Encuentra artistas que rompan moldes. Da con la excepción que confirma la regla.

Si estás atento, toparás con creadores auténticamente salidos de madre. Sé fiel a tu corazonada. Sírvete de su bendita irracionalidad y simpar locura.
En su concepción más perversa, la cotización y, también, ‘ciertas compras’, son la llave de los grilletes que el mercado y ‘ciertas corporaciones’, ponen al reo; o sea, al público en general. Hay obras que se adquieren para impedir que lleguen a la gente. Razón: política, religiosa, empresarial, atentado al honor… Un sinfín de verdades incómodas. Otras, simplemente, se compran para el particular deleite de ricachones.

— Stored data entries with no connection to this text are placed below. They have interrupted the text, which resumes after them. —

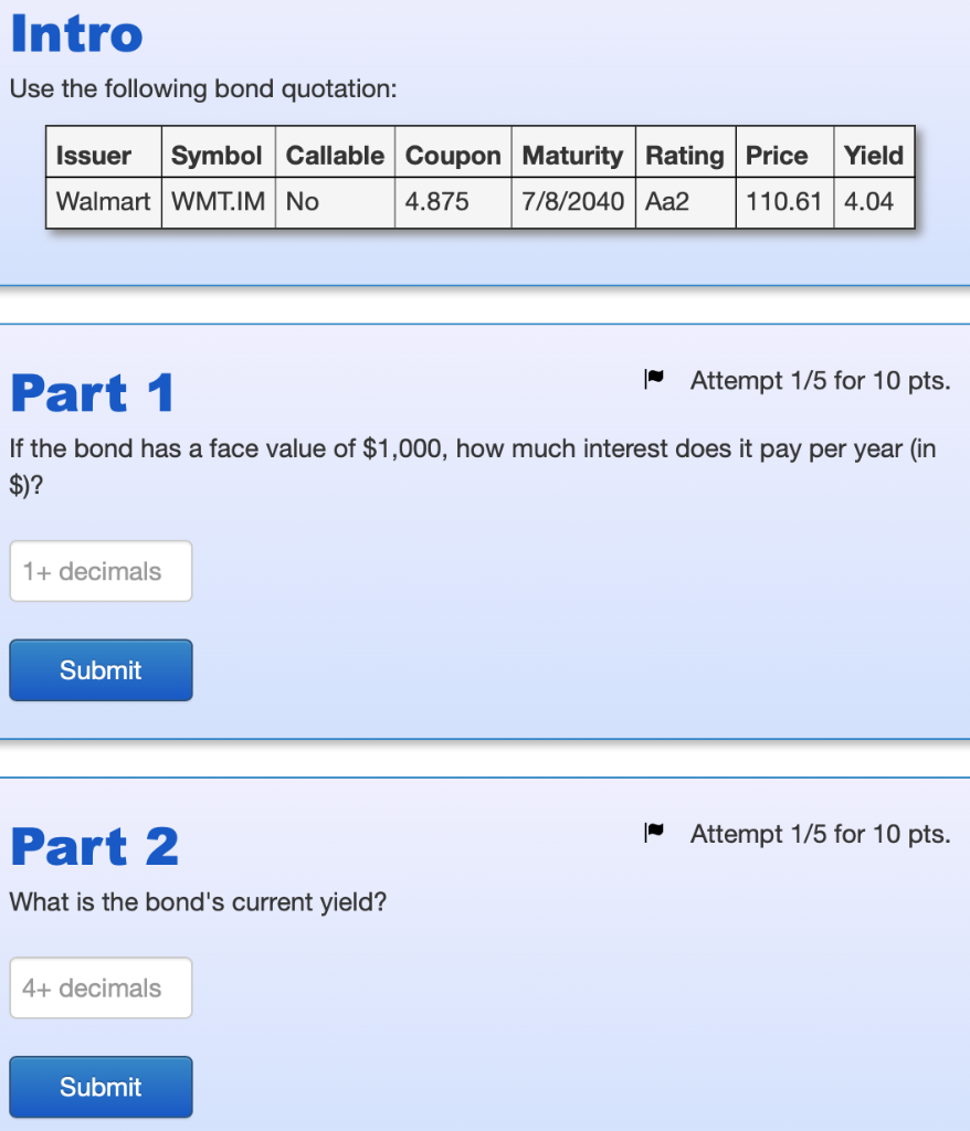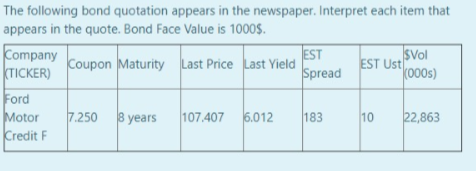 Solved Intro Use the following bond quotation: Issuer Symbol | Chegg.com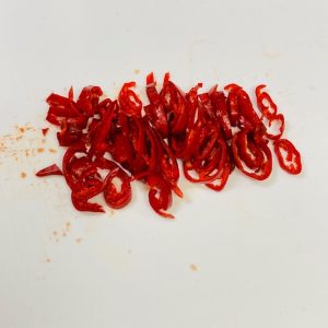 1)にんにくは硬い部分を切り落とし、皮をむいていく。鷹の爪は辛く仕上げたいときは種ごと、マイルドに仕上げたいときは種を取り除いて輪切りに刻んでおく(写真:種を抜いた香川本鷹の輪切り)。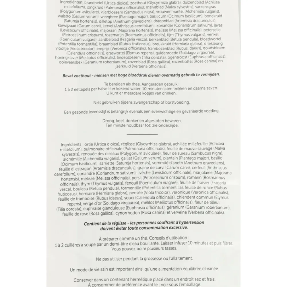 Brandnetel (urtica dioica), zoethout (glycyrrhiza glabra), duizendblad (achillea millefolium), longkruid (pulmonaria officinalis), malvablad (malva sylvestris), varkensgras (polygonum aviculare), vlierbloesem (sambucus nigra), vrouwenmantel (alchemilla vularis), walstro (galium verum), weegbree (plantago major), basilicum (ocimum basilicum), bonenkruid (satureja hortensis), dillentop (anethum graveolens), dragonblad (artemisia dracunculus), karwijzaad (carum carvi), kervel (anthriscus cerefolium), koriander (coriandrum sativum), lavas (levisticum officinale), majoraan (majorana hortensis), melisse (melissa officinalis), peterselie (petroselinum crispum), rozemarijn (rosmarinus officinalis), selderij (apium graveolens), tijm (thymus vulgaris), venkel (foeniculum vulgare), aardbeiblad (fragaria vesca), berkenblad (betula penudula), bloedwortel (potentilla tormentilla), braamblad (rubus fruticosus), breukkruid (herniaria glabra), driekleurig viooltje (viola tricolor), ereprijs (veronica officinalis), frambozenblad (rubus idaeus), goudsbloem (calendula officinalis), graswortel (elymus repens), guldenroede (solidago virgaurea), haverstro (avena sativa), honingklaver (melilotus officinalis), lindebloesem (tilia cordata), ogentroost (euphrasia officinalis), ooievaarsbek (geranium robertianum), rozenblad (rosa gallica), rozenbottel (rosa canina), ijzerkruid (verbena officinalis)., rozenblad, rozenbottel, ijzerkruid.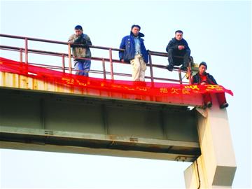 昨晨8时许,记者接到市民李先生报料电话后迅速赶到现场,七名工人站在10多米高的龙门吊上拉开一条横幅,上面写着“企业拖欠工资”、“求做主”等字样,由两名双腿悬空的工人各持一边紧紧拽住。“早晨8点刚过就坐在上面,当时他们脚都耷拉在半空中,相当危险。 ”一名路人介绍道。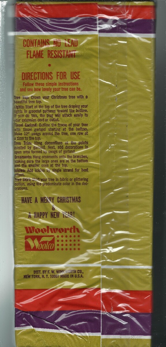 (1) VINTAGE BAG OF 750 STRANDS OF ICICLES MADE BY WOOLWORTH COMPANY MPN 527517. VINTAGE OPENED PLASTIC PACKAGING WITH TRY OF 750 STRANDS INSIDE, DESIGNED FOR EASY USE WHEN DECORATING. THIS ITEM IS FROM THE 60s OR 70s, SINCE NO UPC NUMBER, PRICE OF 53 cents PRINTED ON THE PLASTIC, CLASSIC FLAME RESISTANT AND CONTAINS NO LEAD, EACH STRAND MEASURES 18" LENGTH. YOU WILL RECEIVE ONE 1 VINTAGE USED BAG OF WOOLWORTH BRAND ICICLES , AS PICTURED, SHIPPED BY USPS....
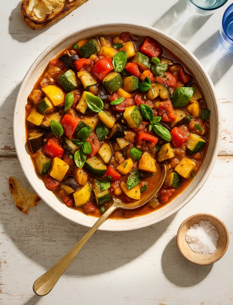 Classic Provençal ratatouille preserves brilliantly and tastes better than anything tinned. When you open a jar in winter, reheat it and serve over pasta or with crusty bread. Brilliant. Recipe here >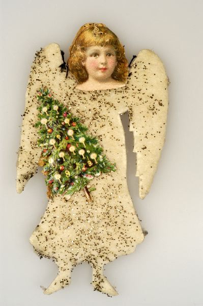 Ängel av bomullsfilt med bokmärkesansikte, blont hår; i handen håller hon en bokmärkesjulgran; guldstjärna; helt täckt med silverglitter.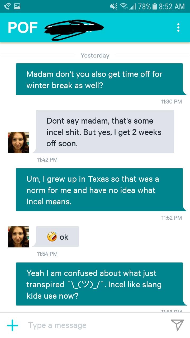 Incel is the new lefty buzzword. Dont let a woman degrade you like this, just look at how patronizing her tone is.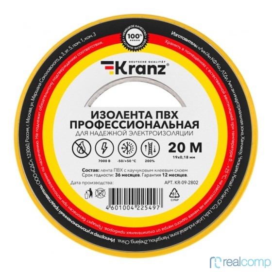 Rexant KR-09-2802 Изолента ПВХ профессиональная, 0,18х19 мм, 20 м, желтая KRANZ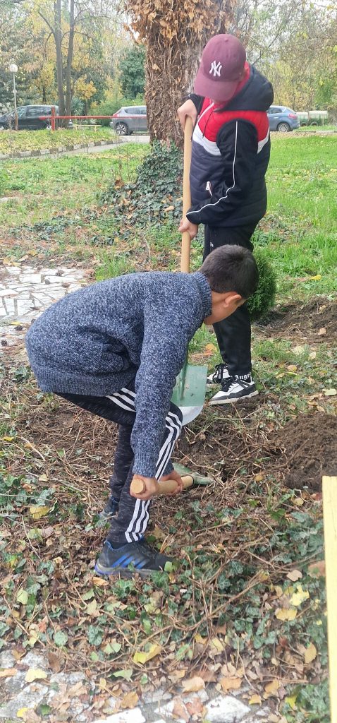 По време на засаждането на дръвчетата учениците участваха с истинска радост, превръщайки инициативата в празник на природата и общността. Малки и големи работиха рамо до рамо, усмихваха се, помагаха си и усетиха силата на сплотеността, когато общата цел е добра. Новата зеленина донесе повече чист въздух, красота и усмивки в училищния двор – подарък, който ще расте заедно с тях. Новите фиданки вече заемат своето място в двора, а гимназистите с желание поемат грижата да ги поливат и да следят как постепенно ще растат и ще се превърнат в символ на училищната общност.
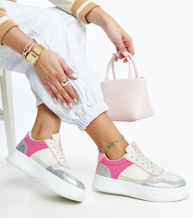 Hers Białe sneakersy na platformie z brokatowym akcentem

Resulta
obsceno privar al mundo del acceso a tales maravillas. Algo tan sublime como el arte, no debiera estar
sometido a la voluntad de un puñado de gerifaltes. ¡Espabila! ¡Mantente ojo avizor! Repasa la historia: obras
que nadie compraba, incluso a precios bajos, resulta que ahora…

12 LEGADO.
¿Cuál es la finalidad del arte? ¿Para qué sirve? El arte es un catalizador que nos lleva de la mano hacia una interacción global, a nuestra comprensión como especie en el universo. Arte es: comunicar; transmitir el conocimiento humano; mediar con la sensibilidad, con la belleza, con la verdad. Nada más esencial y hermoso, que la idea del artista contagiando al mundo su más pura emoción.
¡Sublime crear lo que nunca nadie ha visto antes!

Buena o mala crítica; éxito o fracaso; gloria o escarnio, todo se torna irrelevante. El factor decisivo por el que los creadores pasan a la historia, es su concepción del mundo. Es esencial ofrecer otra perspectiva.

OTRA MIRADA

El tiempo es el juez más implacable.
El arte nos trasciende.
Si das con alguien capaz de reinterpretar la existencia desde un enfoque inédito, tu inversión estará asegurada.

13 IMPRESCINDIBLE.
Cúbrete las espaldas. Exige certificado que garantice su autenticidad. Cuantas más pruebas te proporcione el artista, tanto en la elaboración de la obra como en su resultado final, mejor.

14 EPITAFIO.
Alegato final
Un artista que se precie, debe tener hambre por aprender; ser un revulsivo; un librepensador que se cuestione el orden establecido; una persona honesta capaz de luchar contra un sistema injusto. En definitiva: alguien que arroje luz en estos tiempos convulsos.

El mundo necesita hacedores que planten cara a las sinrazones de nuestra sociedad.

15 MARCO LEGAL.
Tanto el autor, como el cliente, están amparados por Ley. Respétala.
Vendedor: Ley de Propiedad Intelectual. Derechos de Autor.
Comprador: Ley Orgánica 3/2018, de 5 de diciembre, de Protección de Datos Personales.
Albert Einstein: “El fin de mi vida, es la búsqueda de la verdad”.

Albert Einstein: “El fin de mi vida, es la búsqueda de la verdad”.